Exercise prompt » Beginning with the line of the entries below that holds "high volume |" and ending with the line that holds "Boucles d'oreilles en", transcribe each line exactly as written. Pictures stay out.
+++ The input +++
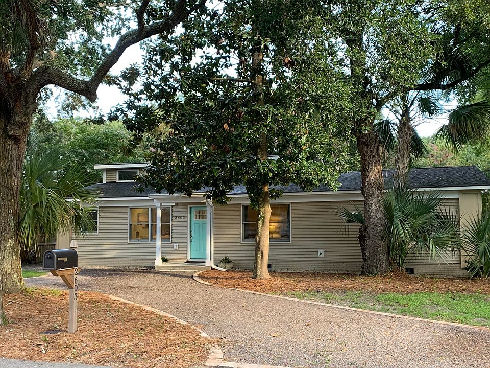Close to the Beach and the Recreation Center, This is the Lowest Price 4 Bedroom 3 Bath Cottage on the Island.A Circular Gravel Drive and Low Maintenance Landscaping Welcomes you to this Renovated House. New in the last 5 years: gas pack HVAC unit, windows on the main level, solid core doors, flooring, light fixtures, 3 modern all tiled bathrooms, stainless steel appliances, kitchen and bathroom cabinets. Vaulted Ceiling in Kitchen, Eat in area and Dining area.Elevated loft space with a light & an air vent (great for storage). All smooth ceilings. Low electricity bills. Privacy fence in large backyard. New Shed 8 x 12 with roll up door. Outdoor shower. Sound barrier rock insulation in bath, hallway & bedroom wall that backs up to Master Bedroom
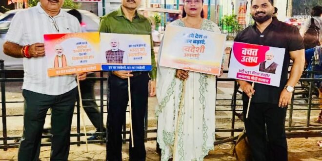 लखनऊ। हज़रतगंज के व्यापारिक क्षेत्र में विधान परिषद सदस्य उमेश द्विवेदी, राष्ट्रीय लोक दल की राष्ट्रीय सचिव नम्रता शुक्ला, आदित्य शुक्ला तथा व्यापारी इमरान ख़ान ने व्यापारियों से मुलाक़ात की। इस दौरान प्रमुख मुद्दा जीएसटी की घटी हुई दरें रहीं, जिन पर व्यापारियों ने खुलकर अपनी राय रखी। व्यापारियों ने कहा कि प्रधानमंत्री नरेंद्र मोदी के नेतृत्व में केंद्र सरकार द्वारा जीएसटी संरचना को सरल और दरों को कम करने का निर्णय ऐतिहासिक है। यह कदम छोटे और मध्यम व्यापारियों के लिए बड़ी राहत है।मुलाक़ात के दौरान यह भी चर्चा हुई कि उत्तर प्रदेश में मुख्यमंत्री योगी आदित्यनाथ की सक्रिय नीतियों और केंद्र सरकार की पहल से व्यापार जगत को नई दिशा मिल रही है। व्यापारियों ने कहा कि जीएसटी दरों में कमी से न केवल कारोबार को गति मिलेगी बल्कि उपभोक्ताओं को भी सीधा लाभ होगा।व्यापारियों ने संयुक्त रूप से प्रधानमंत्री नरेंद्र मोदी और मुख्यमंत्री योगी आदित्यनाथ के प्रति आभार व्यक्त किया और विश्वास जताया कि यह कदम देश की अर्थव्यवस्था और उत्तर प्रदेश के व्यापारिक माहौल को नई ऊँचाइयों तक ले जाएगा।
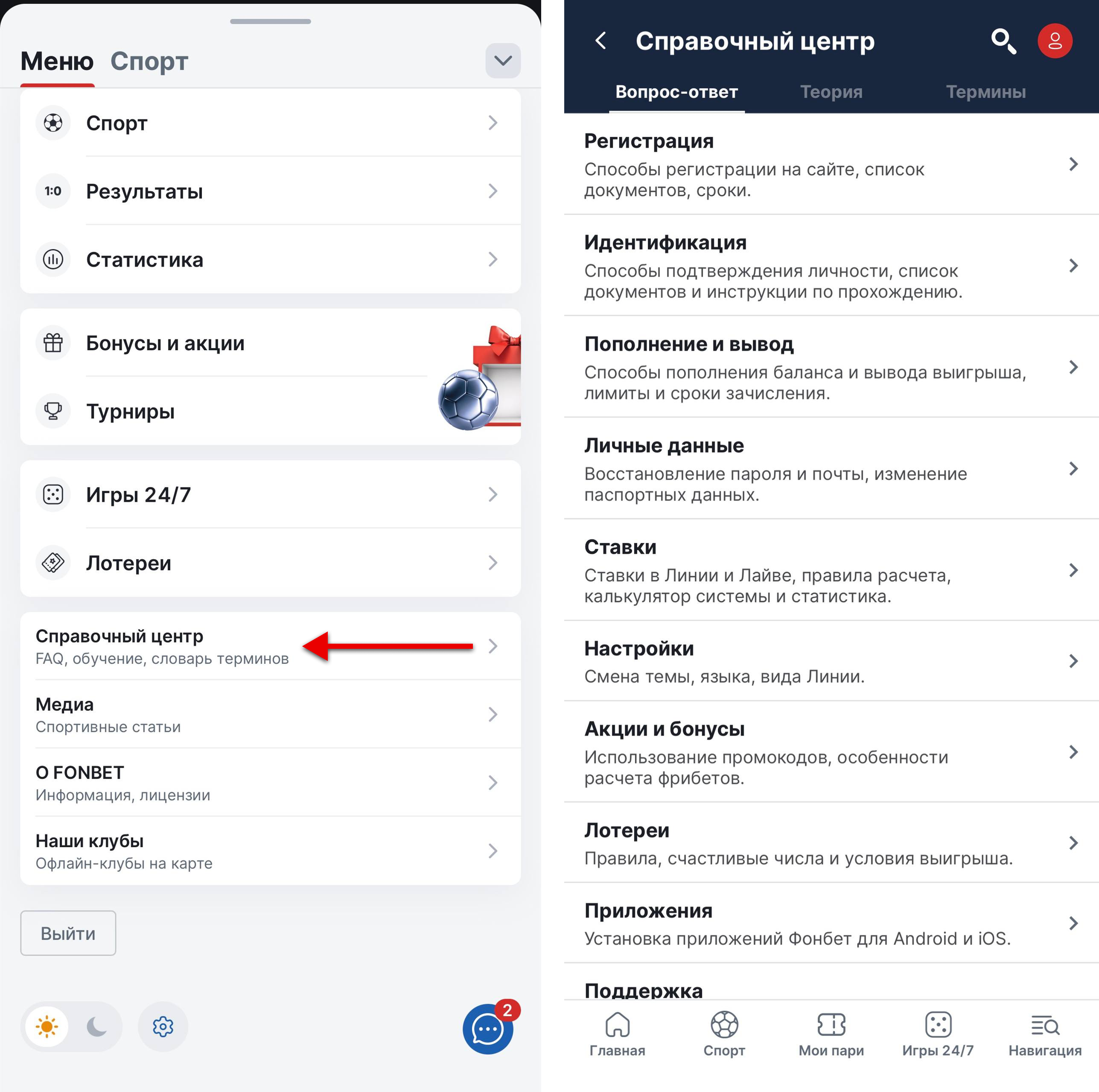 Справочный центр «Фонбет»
+++
+++ The input +++
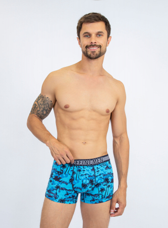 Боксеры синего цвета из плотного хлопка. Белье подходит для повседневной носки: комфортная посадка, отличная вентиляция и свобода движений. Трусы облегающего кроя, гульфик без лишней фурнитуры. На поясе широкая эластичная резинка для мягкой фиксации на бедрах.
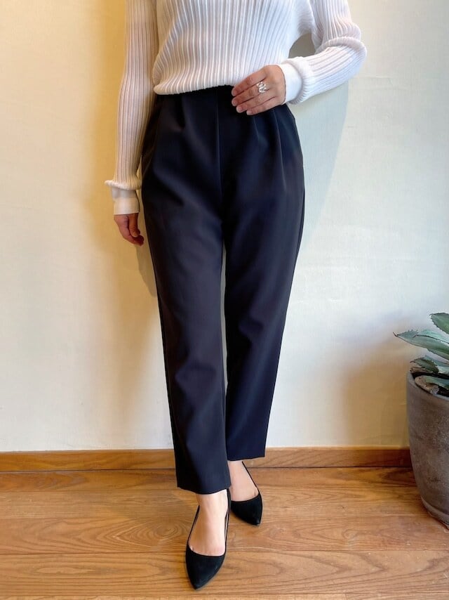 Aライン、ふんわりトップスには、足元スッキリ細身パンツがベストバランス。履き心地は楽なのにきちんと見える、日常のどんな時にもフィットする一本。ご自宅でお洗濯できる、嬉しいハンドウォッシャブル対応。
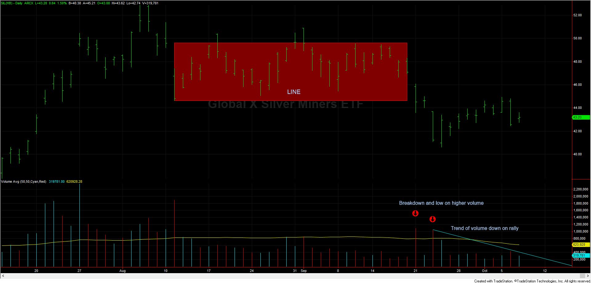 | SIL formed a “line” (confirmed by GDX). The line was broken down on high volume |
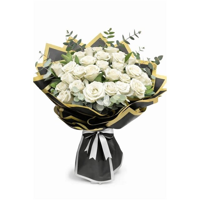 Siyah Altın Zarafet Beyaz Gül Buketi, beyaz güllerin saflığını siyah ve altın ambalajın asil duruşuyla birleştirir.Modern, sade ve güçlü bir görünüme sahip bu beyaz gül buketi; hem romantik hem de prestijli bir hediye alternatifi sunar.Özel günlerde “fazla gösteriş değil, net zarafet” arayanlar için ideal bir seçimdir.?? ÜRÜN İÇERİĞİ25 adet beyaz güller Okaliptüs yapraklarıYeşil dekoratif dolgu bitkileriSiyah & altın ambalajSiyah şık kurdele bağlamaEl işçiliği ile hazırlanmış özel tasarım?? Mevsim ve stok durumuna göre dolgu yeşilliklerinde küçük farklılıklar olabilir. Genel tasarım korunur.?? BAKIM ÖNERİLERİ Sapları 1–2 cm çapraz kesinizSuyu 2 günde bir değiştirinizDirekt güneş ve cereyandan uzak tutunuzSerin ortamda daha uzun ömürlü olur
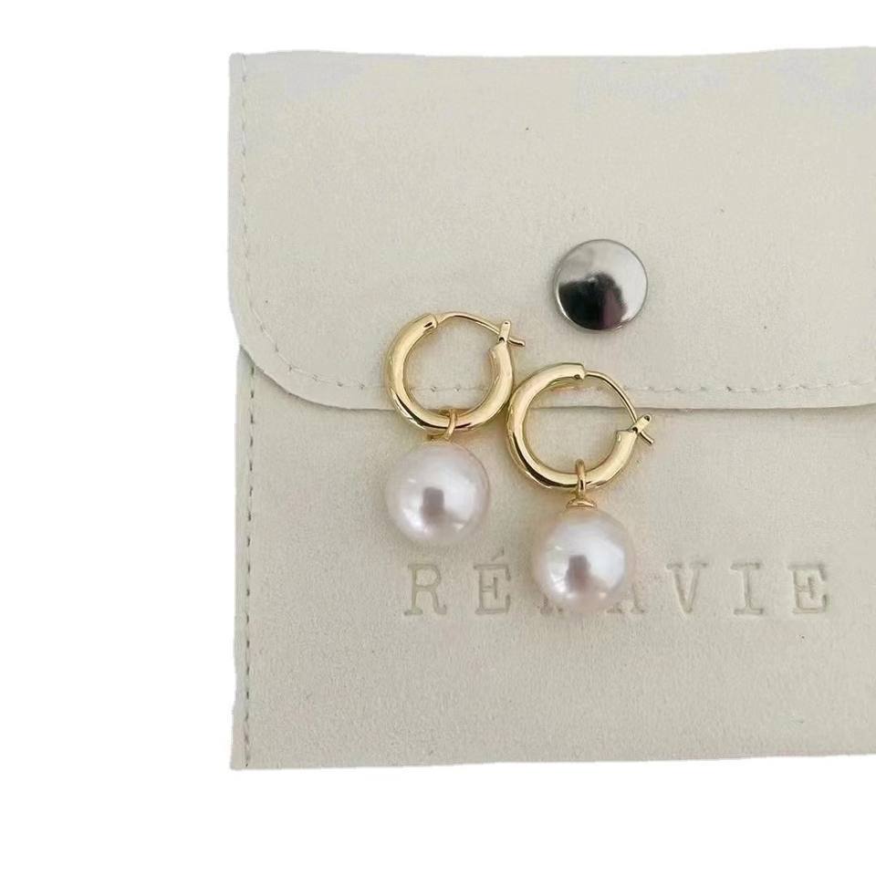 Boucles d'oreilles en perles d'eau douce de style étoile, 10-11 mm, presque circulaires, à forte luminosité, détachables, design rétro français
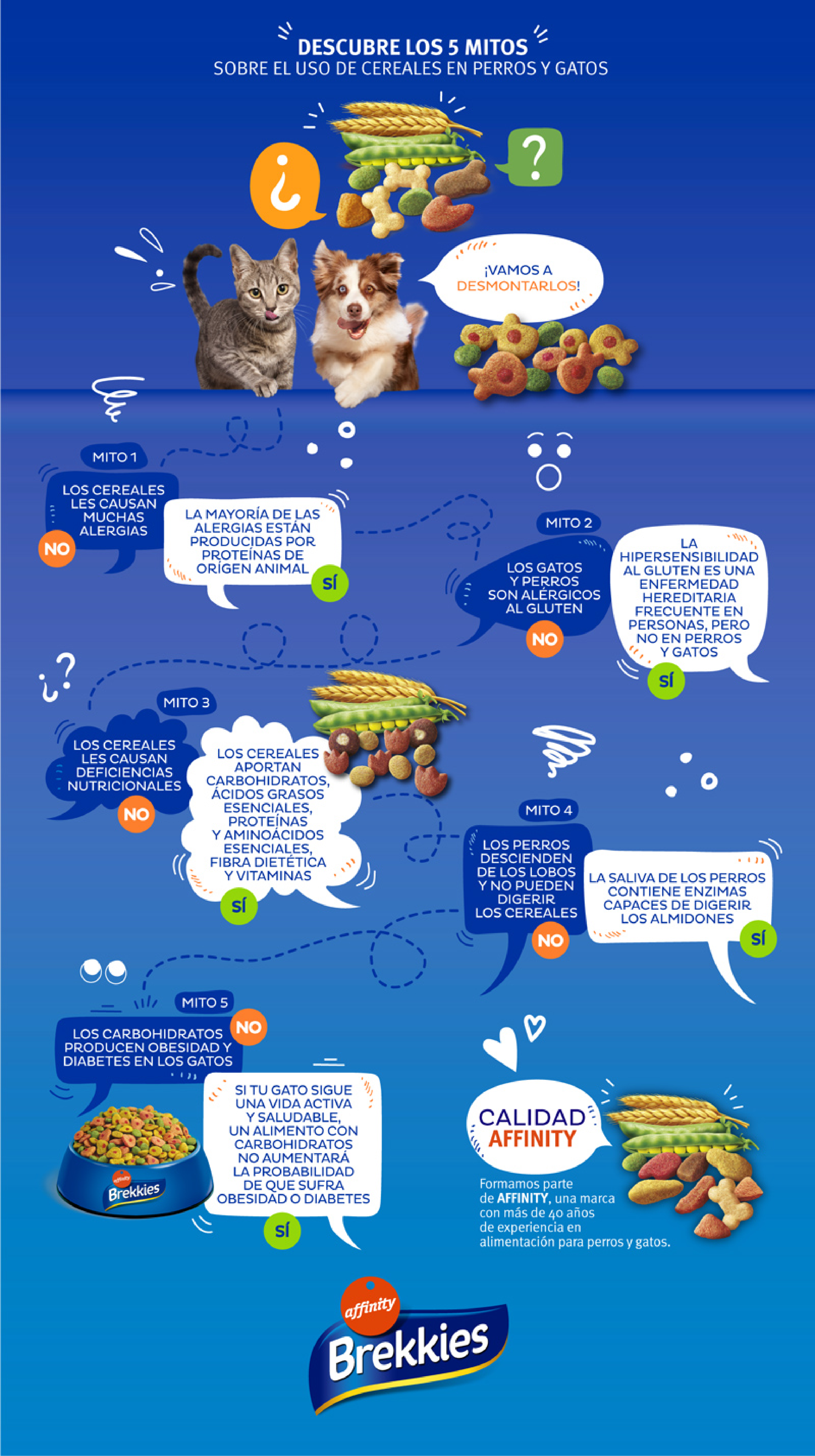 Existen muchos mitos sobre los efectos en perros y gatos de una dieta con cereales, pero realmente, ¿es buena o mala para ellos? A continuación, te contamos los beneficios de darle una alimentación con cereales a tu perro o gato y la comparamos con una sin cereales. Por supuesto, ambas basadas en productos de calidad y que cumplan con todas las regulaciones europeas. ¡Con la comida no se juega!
+++
Response below »
 | SIL formed a “line” (confirmed by GDX). The line was broken down on high volume |
 Siyah Altın Zarafet Beyaz Gül Buketi, beyaz güllerin saflığını siyah ve altın ambalajın asil duruşuyla birleştirir.Modern, sade ve güçlü bir görünüme sahip bu beyaz gül buketi; hem romantik hem de prestijli bir hediye alternatifi sunar.Özel günlerde “fazla gösteriş değil, net zarafet” arayanlar için ideal bir seçimdir.?? ÜRÜN İÇERİĞİ25 adet beyaz güller Okaliptüs yapraklarıYeşil dekoratif dolgu bitkileriSiyah & altın ambalajSiyah şık kurdele bağlamaEl işçiliği ile hazırlanmış özel tasarım?? Mevsim ve stok durumuna göre dolgu yeşilliklerinde küçük farklılıklar olabilir. Genel tasarım korunur.?? BAKIM ÖNERİLERİ Sapları 1–2 cm çapraz kesinizSuyu 2 günde bir değiştirinizDirekt güneş ve cereyandan uzak tutunuzSerin ortamda daha uzun ömürlü olur
 Boucles d'oreilles en perles d'eau douce de style étoile, 10-11 mm, presque circulaires, à forte luminosité, détachables, design rétro français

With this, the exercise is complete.